**Task requirements:** The answer must be the full data, restated word for word, with no pictures in it.

**Collected data:**
· · · · · · ·

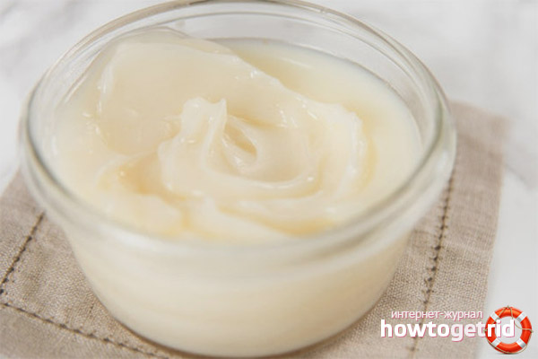 The same cream recipe helps weak, cut and damaged hair. They smear the roots, rub into the skin. After 30 minutes, rinse with warm water.
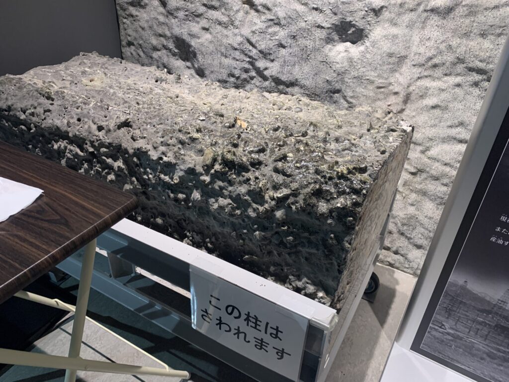 当時の焼けただれた製油所の柱です。
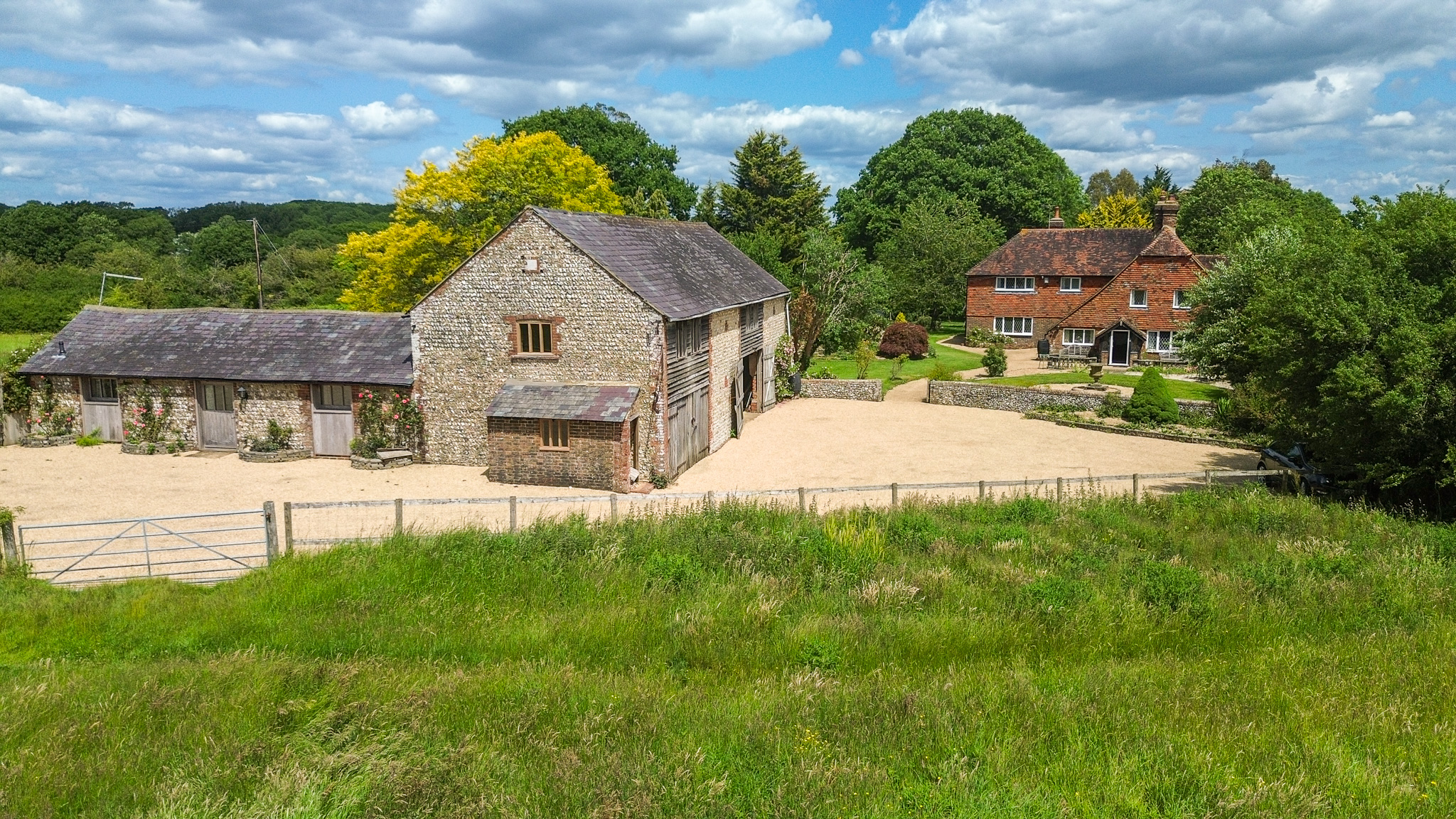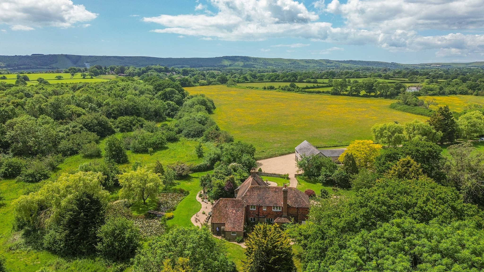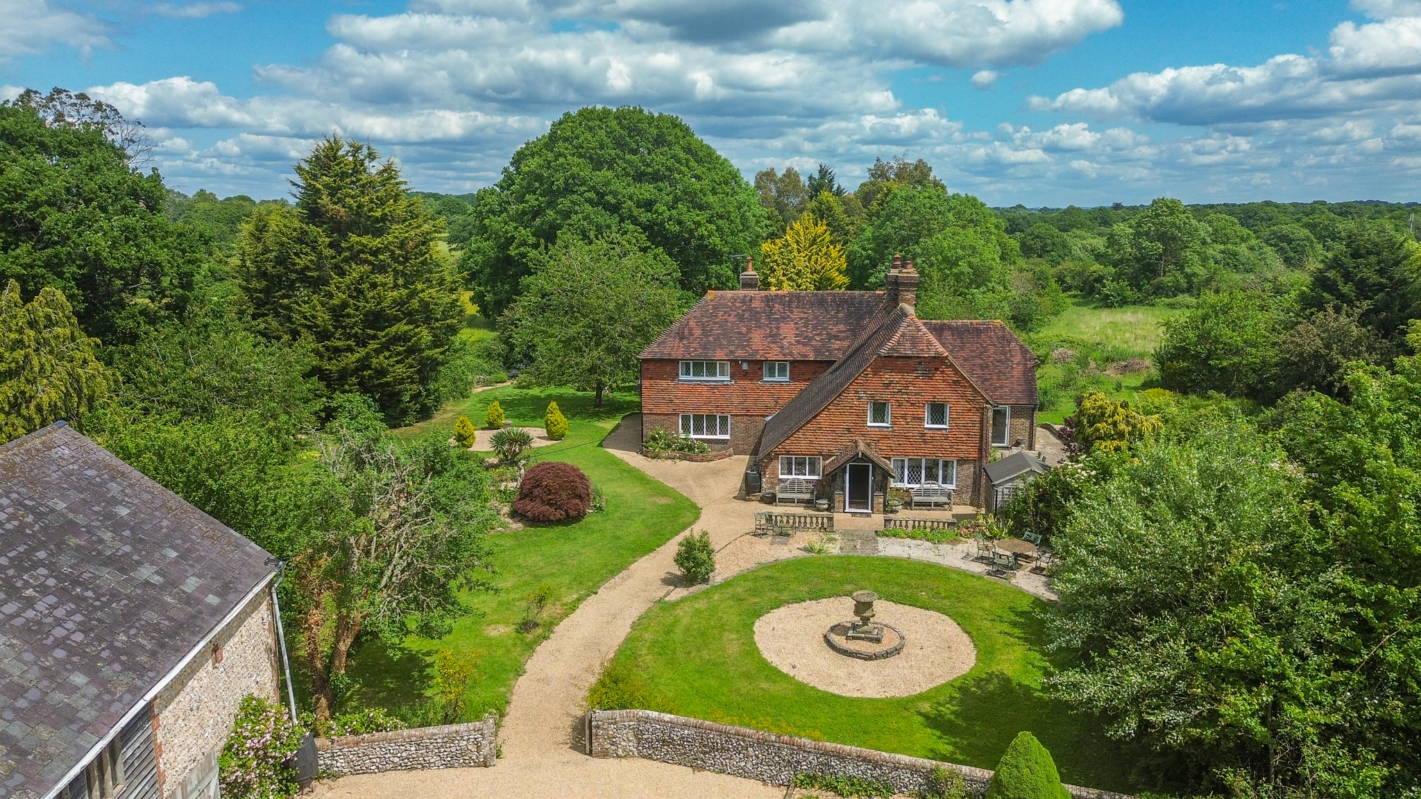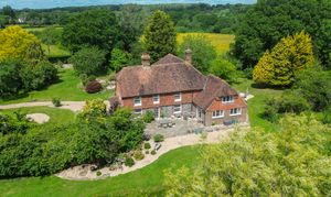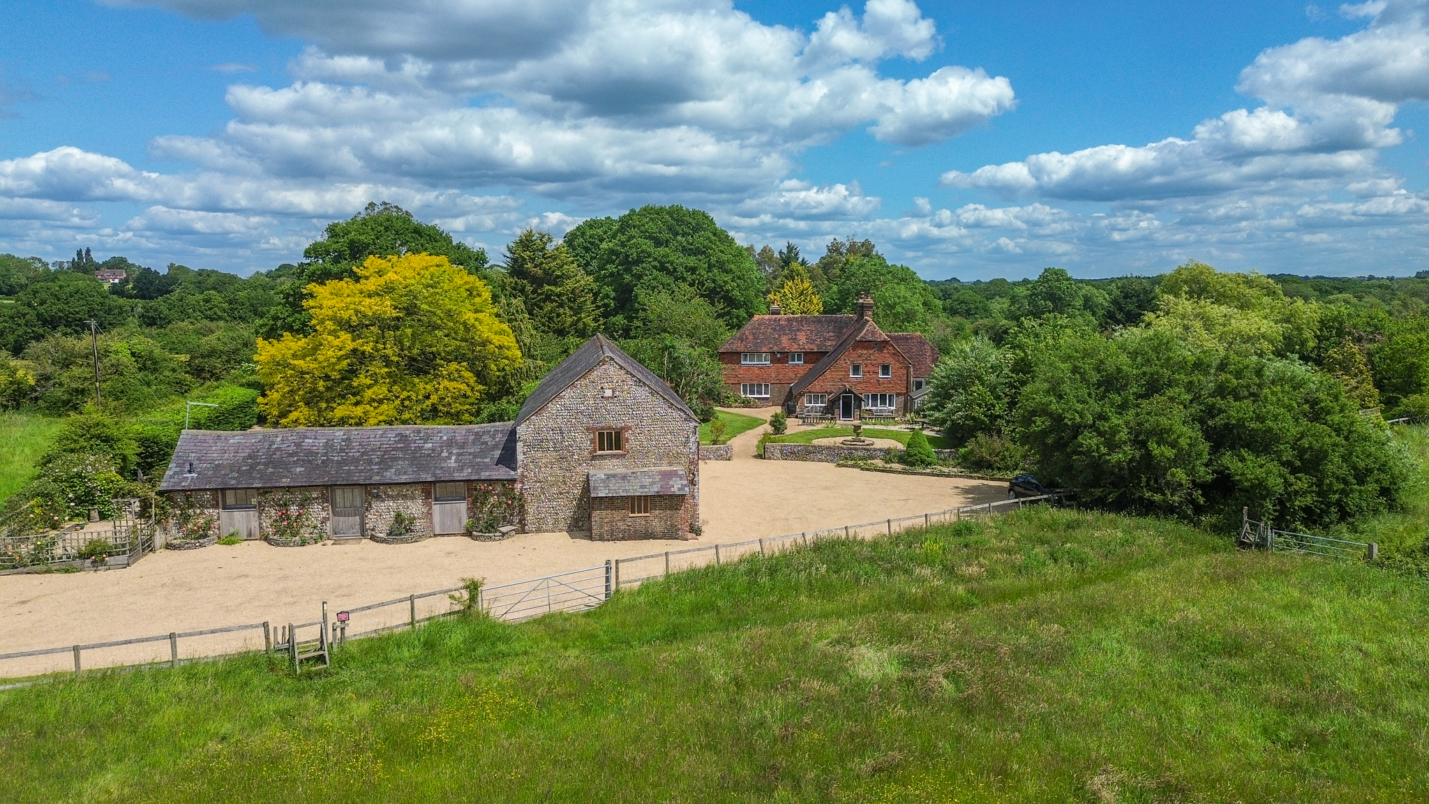 A 5 bedroom Grade II listed former hall house coming to the market for the first time since 1966 with numerous period features to include impressive Inglenook fireplaces. The oldest part dates from the 15th century with subsequent additions in the 1960’s and 1970’s. Situated at the end of an 250 m private tree lined drive and surrounded by it’s own grounds extending to just over 25 acres to include a 15 acre paddock with stunning views to the South Downs. A flint barn provides development opportunity S.T.P.P with a garage to one side and a 1 bedroom ground floor annexe.

· · · · · · ·

**Written solution:**
 The same cream recipe helps weak, cut and damaged hair. They smear the roots, rub into the skin. After 30 minutes, rinse with warm water.
 当時の焼けただれた製油所の柱です。
 A 5 bedroom Grade II listed former hall house coming to the market for the first time since 1966 with numerous period features to include impressive Inglenook fireplaces. The oldest part dates from the 15th century with subsequent additions in the 1960’s and 1970’s. Situated at the end of an 250 m private tree lined drive and surrounded by it’s own grounds extending to just over 25 acres to include a 15 acre paddock with stunning views to the South Downs. A flint barn provides development opportunity S.T.P.P with a garage to one side and a 1 bedroom ground floor annexe.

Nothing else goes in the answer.